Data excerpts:
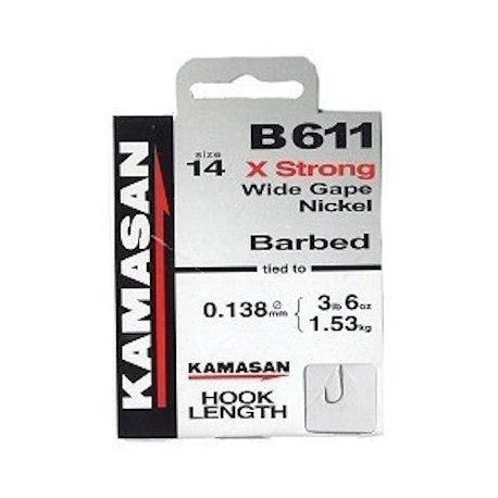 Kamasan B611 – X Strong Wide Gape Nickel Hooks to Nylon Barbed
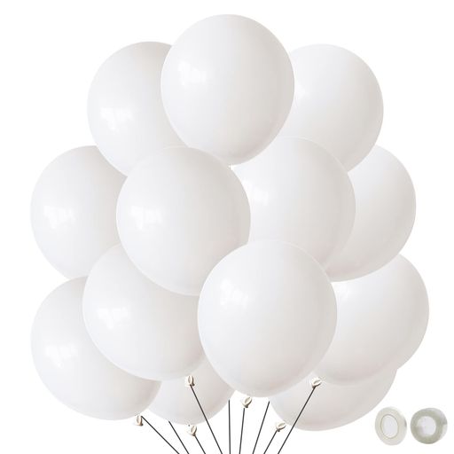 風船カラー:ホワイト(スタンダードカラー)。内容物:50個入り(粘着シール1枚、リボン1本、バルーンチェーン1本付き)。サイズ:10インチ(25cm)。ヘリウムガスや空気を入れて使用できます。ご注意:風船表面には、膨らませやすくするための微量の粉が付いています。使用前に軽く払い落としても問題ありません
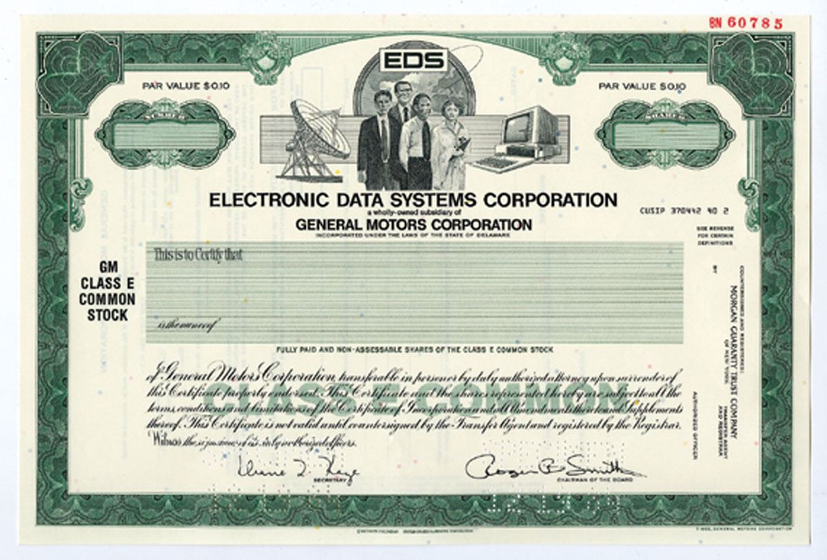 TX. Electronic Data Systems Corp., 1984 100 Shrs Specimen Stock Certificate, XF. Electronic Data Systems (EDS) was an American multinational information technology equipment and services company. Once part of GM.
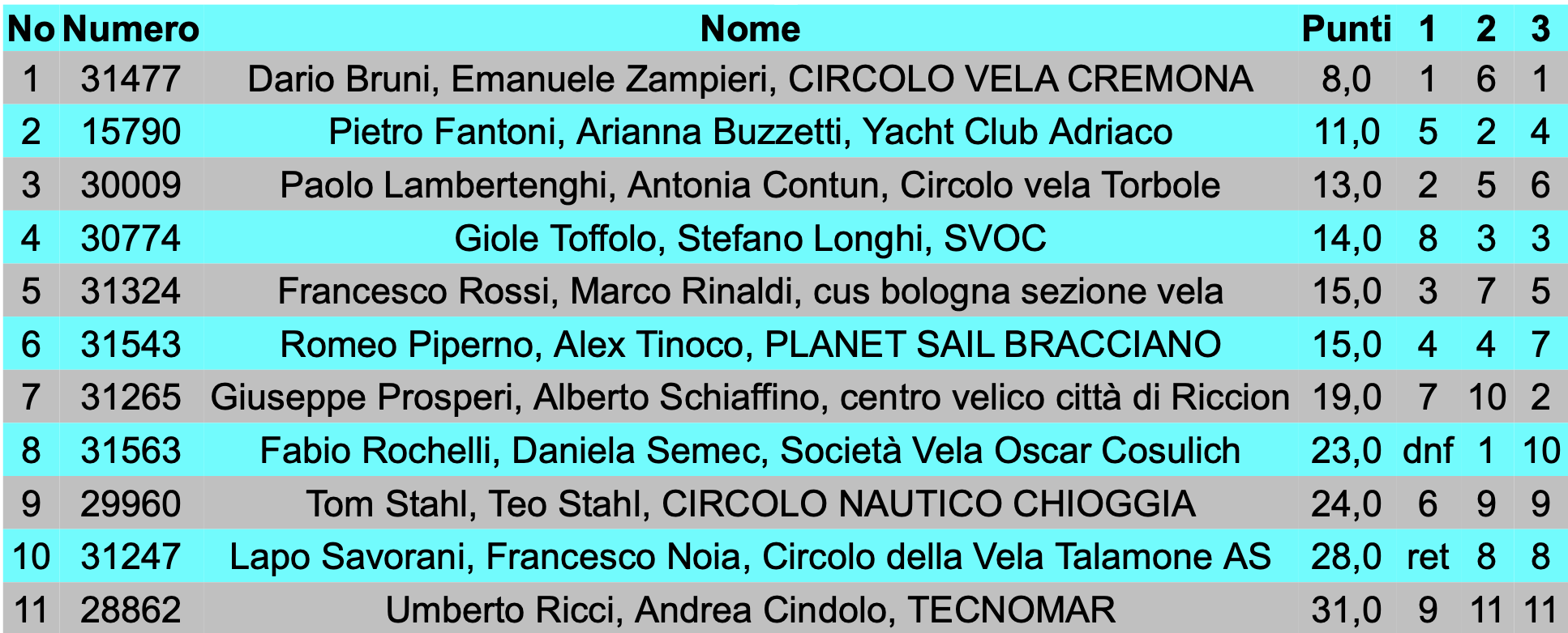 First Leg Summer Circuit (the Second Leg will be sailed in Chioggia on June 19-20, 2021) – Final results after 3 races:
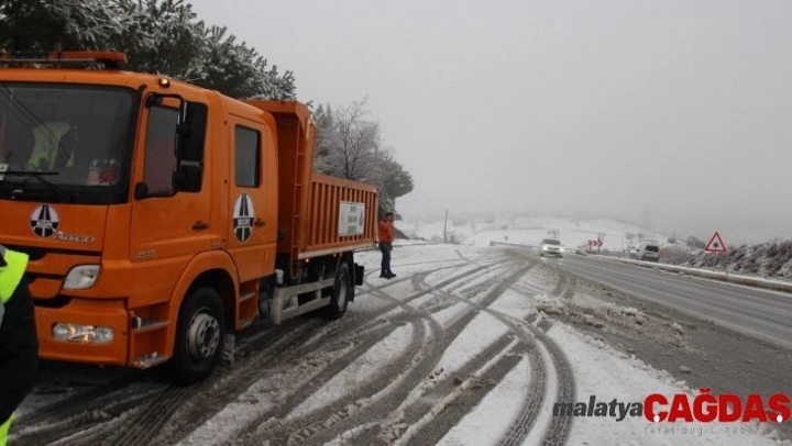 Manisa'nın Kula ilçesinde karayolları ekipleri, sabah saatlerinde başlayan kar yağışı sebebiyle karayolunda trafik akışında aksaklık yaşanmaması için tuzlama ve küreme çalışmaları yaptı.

## What to produce
Word for word, repeat all the data, but not its images.

## Worked solution
 Kamasan B611 – X Strong Wide Gape Nickel Hooks to Nylon Barbed
 風船カラー:ホワイト(スタンダードカラー)。内容物:50個入り(粘着シール1枚、リボン1本、バルーンチェーン1本付き)。サイズ:10インチ(25cm)。ヘリウムガスや空気を入れて使用できます。ご注意:風船表面には、膨らませやすくするための微量の粉が付いています。使用前に軽く払い落としても問題ありません
 TX. Electronic Data Systems Corp., 1984 100 Shrs Specimen Stock Certificate, XF. Electronic Data Systems (EDS) was an American multinational information technology equipment and services company. Once part of GM.
 First Leg Summer Circuit (the Second Leg will be sailed in Chioggia on June 19-20, 2021) – Final results after 3 races:
 Manisa'nın Kula ilçesinde karayolları ekipleri, sabah saatlerinde başlayan kar yağışı sebebiyle karayolunda trafik akışında aksaklık yaşanmaması için tuzlama ve küreme çalışmaları yaptı.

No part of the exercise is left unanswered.